И в тот же миг позади неистово завопил Серёжка:
— Волк, ребята, волк! Спасайтесь!
Мы с Генкой мигом взлетели на сосну. Едва наши ноги оторвались от земли, как на дорогу выбежала крупная серая волчица с клочками невылинявшей шерсти на боках и увела волчат. У меня по спине пробежали мурашки.
Мы были на краю гибели. Наш спаситель Серёжка сидел на этой же сосне, тремя метрами выше. Беднягу страх загнал гораздо выше, чем требовалось для спасения его жизни.
Никто не знает, сколько мы просидели на этом дереве. Может, час, а может, два… Волчица не показывалась. У меня отчаянно заныли ноги и забурлило в животе.
Всё, что было в наших карманах съестного — Генкина горбушка хлеба и случайно затерявшиеся у меня два кусочка сахара, — было уничтожено. Теперь все надежды и помыслы были обращены к Серёжкиному мешку, который преспокойно валялся под деревом. О том, что этот мешок можно взять, нечего было и думать: волчица наверняка сидит где-нибудь поблизости и только того и ждёт, когда мы слезем.
— Серёжка, а что там у тебя в мешке? — спросил Генка.
— А ничего особенного… Колбасы немножко, пирожки, молоко в бутылке, три яблока…
Генка проглотил слюну и тяжело вздохнул.
— …груша, апельсин, печенье…
Генка вдруг завозился, нащупал ногой сук.
— Куда ты? — взмолился Серёжка и полез ещё выше. — Я наврал… ни апельсина, ни печенья там нет! Ничего нет!
Генка не слушал и слезал, но на последнем суку он всё-таки остановился.
— А что есть? — с опаской поглядывая вниз и явно оттягивая время, спросил он.
— Батон с изюмом, — ответил я.
— Кто ж это на охоту с изюмом берёт? — сказал Генка. — Черняшку на охоту надо брать. — Не решаясь спрыгнуть, он всё ещё сидел на суку.
У меня от голода нестерпимо сосало под ложечкой. Серёжка даже перестал болтать, что случалось с ним очень редко.
А волчица определённо хитрила: до сих пор она не издала ни единого звука.
Неожиданно Генка спрыгнул на землю и смело пошёл к мешку. Но, сделав несколько шагов, он с криком бросился обратно на дерево.
Из-под ёлки выбежала волчица, подскочила к дереву, упёрлась передними лапами в ствол и потянула носом воздух.
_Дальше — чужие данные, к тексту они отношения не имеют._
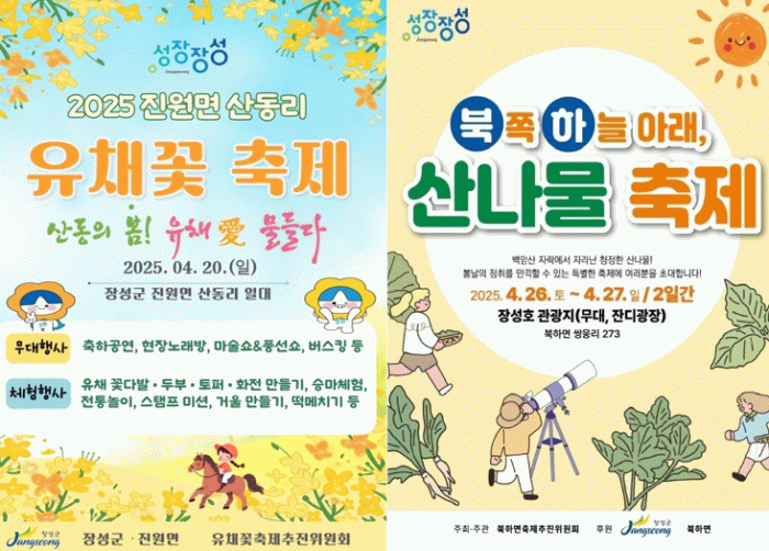 4월 26일~27일에는 북하면이 올해 처음 선보이는 ‘산나물축제’가 기다린다. 산나물 산지로 유명했던 지역의 역사성을 접목해 축제로 기획했다. 장성호관광지에서 열리며 태양 관측, 산나물 채취, ‘산채비빔밥 퍼포먼스’ 등 독특한 체험을 즐길 수 있다.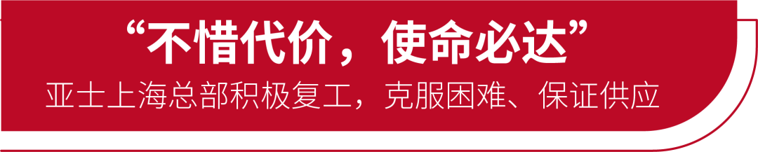 自3月31日上海封控以来,位于上海的亚士集团总部启动闭环管理,为保证上海“大脑”的正常运营,集团安排百余名各级干部与专业人士驻厂奋战,指挥全国80多个供应点工作,保障全国供应。百余骨干驻守前线,在做好本职工作的同时积极参与复产一线工作,为实现全国供应链稳定、上海有序复产而努力。

— Держись, Генка! — крикнул я. — Сейчас прыгнет!
Но волчица вильнула хвостом и залаяла.
— Генка! Да ведь это же Ага! — вырвалось у меня. — Овчарка лесника!
А мы, дураки, на дерево от неё залезли!
— Ага! Ага! — осторожно позвал Генка.
Но Ага равнодушно посмотрела на него и направилась к Серёжкиному мешку.
— Ага! Ага! — закричал Генка, пытаясь спасти мешок.
Я засвистел, Генка бросил в неё шишкой, но Ага, не обращая на нас внимания, принялась трепать мешок. Решиться на то, чтобы отбить колбасу, было рискованно: а вдруг это не Ага, а всё-таки волчица?
Ага упёрлась в мешок лапами, разорвала его и начала уплетать колбасу. Генка достал рогатку и выстрелил. В мешке что-то брякнуло — по траве растеклась лужица молока. Ага вылакала молоко, облизала мешок и перетащила его за сосну, — нам виден был только её хвост.
Серёжкина колбаска улыбнулась. В это время на дорогу верхом на лошади выехал лесник дядя Вася.
— Вы что здесь делаете?
— Наблюдаем! — неожиданно подал сверху голос Серёжка. До этого его не было слышно. — Местность изучаем…
— Собаки испугались?.. Ага, нельзя! — крикнул лесник. — Слезайте, не тронет! Ко мне, Ага!
Но Ага вдруг остановилась возле ёлки, обнюхала траву и, ощетинившись, зарычала. Дядя Вася подошёл к ней, наклонился и что-то долго рассматривал под ёлкой.
— Ну, слезайте! Живо! Делать вам здесь нечего!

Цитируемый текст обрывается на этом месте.